## TASK DESCRIPTION
Take the lines from the one containing "3MM412RRL Eaton: Eaton's" through the final line below and restate them exactly. Omit the pictures.

--- SUPPLIED MATERIAL ---

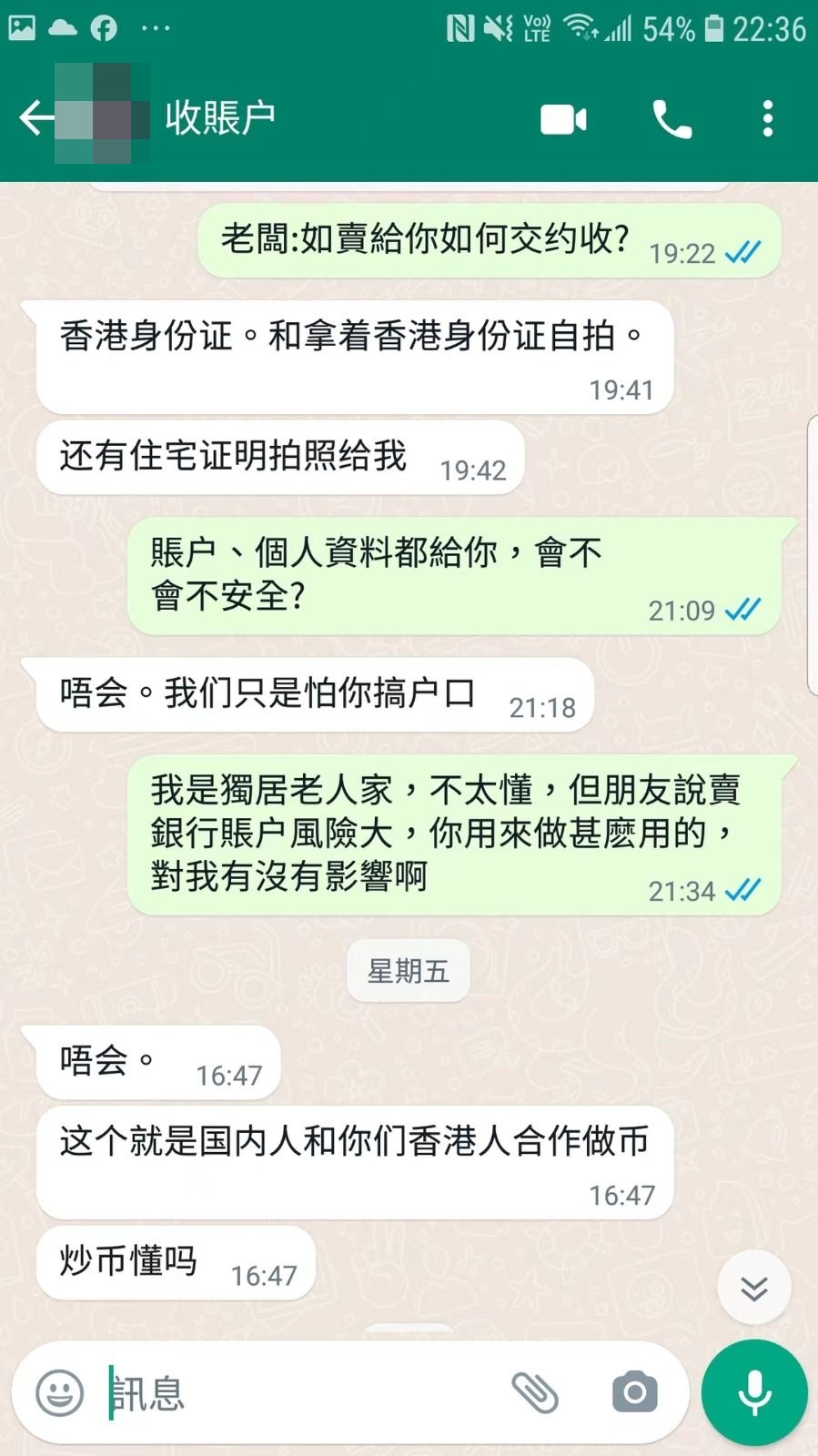 記者隨后與網(wǎng)名李X的收購者聯(lián)絡,對方稱只買不租,收購價5000元,若有意出售,需拍攝及發(fā)送身份證和住址證明,并拿著身份證自拍容貌,強調(diào)有關要求是為防止賣家“搞戶口”(出售后繼續(xù)操作戶口及盜取戶口內(nèi)款項),又強調(diào)收購目的不是用作收取詐騙款項等非法用途,“這個就是國內(nèi)人跟你香港人合作做幣,炒幣,懂嗎?”
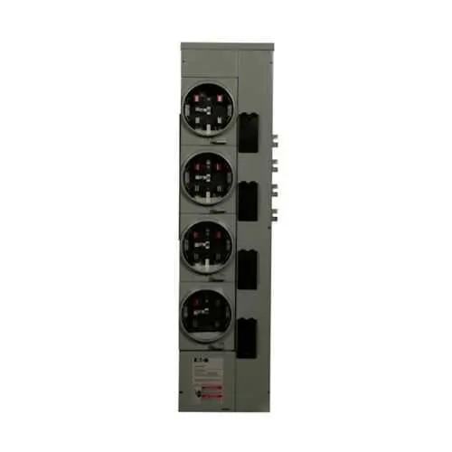 3MM412RRL Eaton: Eaton's Three-Phase Residential Meter Stack Module, Group Metering Type, 125A, Aluminum Bus 800 Ampere, No bypass, Indoor/outdoor, Five-jaws, 4 Sockets, Three-phase in, single-phase out, Ringless Security, 120/208V
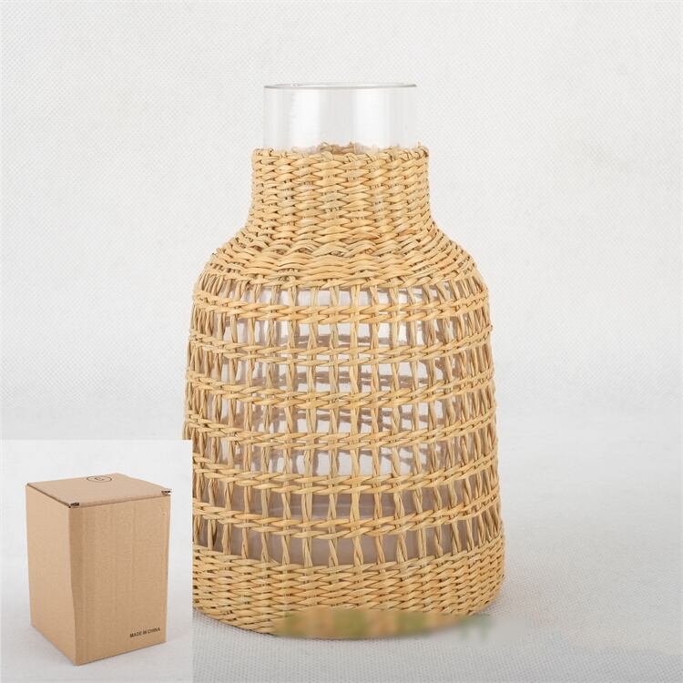 今年売れてます 草編みの花瓶 ドライフラワーの花瓶 編み物 ガラスの花瓶 水養殖物の花瓶 大人気 N2JY2024053109 :dodo

---

## EXERCISE OUTPUT
 3MM412RRL Eaton: Eaton's Three-Phase Residential Meter Stack Module, Group Metering Type, 125A, Aluminum Bus 800 Ampere, No bypass, Indoor/outdoor, Five-jaws, 4 Sockets, Three-phase in, single-phase out, Ringless Security, 120/208V
 今年売れてます 草編みの花瓶 ドライフラワーの花瓶 編み物 ガラスの花瓶 水養殖物の花瓶 大人気 N2JY2024053109 :dodo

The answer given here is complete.